More clamping down on UK immigration

It’s not just Paddington bear who faces a tougher time hanging out on the island that is Great BritainAnother BBC article, another list of immigration “reforms” meant to keep the non-English out of England.  Highlights include:

  • Shortening the visitor visa from six months to three months
  • Requiring payment of one thousand pounds (GBP) for family members who wish to visit loved ones in Britain.
  • Note that these are in addition to previously announced “reforms” (quote from the BBC article):
    • The government has already announced other changes to the visa system which Mr Byrne described as the “biggest shake-up of the immigration system in history”.  They included a points-based system for economic migrants and the tightening of procedures for people bringing spouses into the country.
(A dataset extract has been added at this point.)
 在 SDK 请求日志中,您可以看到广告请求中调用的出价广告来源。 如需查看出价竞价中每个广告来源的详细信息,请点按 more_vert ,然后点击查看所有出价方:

It’s not just me, right?  This really reeks of xenophobia.  I know I have complained previously along these lines as I have discovered the many ridiculous rules for non-EU persons living in the UK; my favorite is still the one where I would have to get home office permission to marry.   I guess based on the point mentioned above, I would also have to do some fast-talking to marry back in America and then bring a spouse back “home” with me to the UK.
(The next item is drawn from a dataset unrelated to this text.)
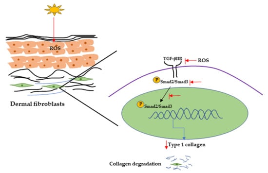 UVR can also initiate collagen degradation by reducing procollagen synthesis, and it has been reported that UVR can reduce procollagen synthesis by downregulating the TGF-β/Smad signaling pathway [102]. TGF-β initiates signaling through binding with cell surface receptors (TGF-β type I and type II receptors), then transcription of TGF-β-associated genes by phosphorylating Smad2/Smad3 complex. It has been reported that TGF-β can activate promoter activity of Type I collagen gene (COL1A2) through the Smad signaling pathway [103]. One report showed that UV irradiation inhibits the Smad2/Smad3 nuclear translocation, resulting in decreased TGF-β type II receptor transcription and protein synthesis and procollagen type I expression in hairless mice and in human dermal fibroblasts [76,102,104] (Figure 4).

I know that immigration law and reform are hot topics in many countries, my own native America included.  There are many places in the world that people would like to leave for very good reasons, and there is certainly no question that wealthy, developed countries cannot afford to take in all of the potential refugees and migrants who would like to enter their countries.  That said, I really do feel a substantial difference in my experiences in the UK and America.  In the US, even though I was from the midwest, I had friends of many races and cultural backgrounds, truly representing the great “melting pot” that is America.  In the UK, at least where I have been for the last year and some change, I know mostly English, Irish, continental EU types (especially French and German), and other Americans.  I find that in general the diversity is underwhelming, and it’s becoming something that I miss about America–even about Minnesota.  Continuing BBC reports on the clamping down of immigration policy (for political reasons, apparently) is a hint at the greater problem of poor integration of the non-English already in Britain.  It’s hard to see how things could improve any time soon.


    3 responses to “More clamping down on UK immigration

    1. Interesting topic.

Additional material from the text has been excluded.